Breathing exercises.
Mobility work.
Practicing transfers or stairs.
Education about postoperative movement.
Assistive-device training.
Caregiver preparation.
Nutrition referrals.
Emotional or social support referrals.
Planning for your home environment.
A 2025 clinical practice guideline for people with lung cancer found that combined aerobic exercise with strengthening and/or breathing exercise can improve mobility during prehabilitation. Combined programs may also support function during and shortly after treatment.
Prehabilitation is not a test you must pass to “earn” treatment.
It is not about becoming perfectly fit in a short period.
It is about building whatever reserve, knowledge, confidence, and practical skills are possible before treatment begins.
Ask your medical team:
“Would prehabilitation be helpful before my surgery or treatment starts?”

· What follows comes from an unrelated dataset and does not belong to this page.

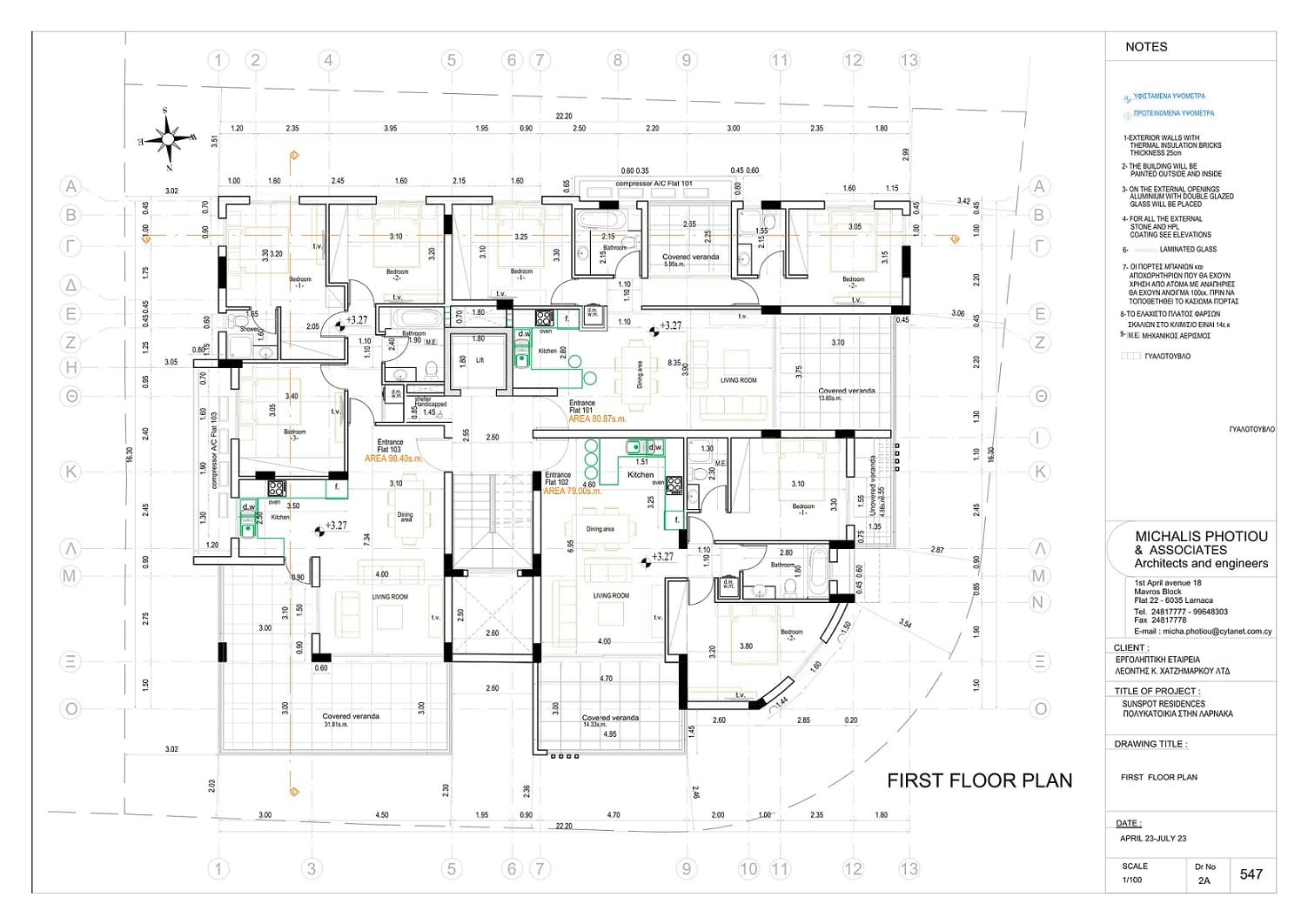 Πωλείται υπό ανέγερση ρετιρέ διαμέρισμα δύο υπνοδωματίων στην επαρχία Λάρνακας, στον 3ο όροφο τριώροφης μοντέρνας πολυκατοικίας με 9 διαμερίσματα στο σύνολο, με 79 τ.μ. εσωτερικό καλυμμένο χώρο, 14 τ.μ. καλυμμένη βεράντα και 26 τ.μ. κήπο οροφής. Το διαμέρισμα διαθέτει πρόνοιες για συστήματα κλιματισμού σε όλους τους χώρους, en-suite στο κυρίως υπνοδωμάτιο, πιεστικό σύστημα νερού, ηλιακό θερμοσίφωνα, καλυμμένο χώρο στάθμευσης και αποθήκη. Επιπλέον να σημειωθεί ότι το έργο είναι ενεργειακή απόδοση Α+ με υψηλή ποιότητα κατασκεύης. Η πολυκατοικία βρίσκεται σε προνομιούχα περιοχή της Λάρνακας σε μικρή απόσταση από υπεραγορές, σχολεία και άλλες υπηρεσίες. Τιμή πώλησης του διαμερίσματος 255,000 ευρώ πλέον Φ.Π.Α.

5. Physical therapy may address concerns connected with specific cancers
Every person is different, but certain cancer treatments are more commonly associated with particular movement or functional concerns.
Breast cancer
After breast surgery, radiation, or other treatment, some people experience:
Shoulder stiffness.
Arm weakness.
Chest or scar tightness.
Pain.
Changes in posture.
Difficulty reaching overhead.
Difficulty lifting or carrying.
Swelling, heaviness, or tissue changes.
Fear of developing lymphedema.
A physical therapist may help with shoulder mobility, strength, posture, scar-related restrictions, return to activity, and education.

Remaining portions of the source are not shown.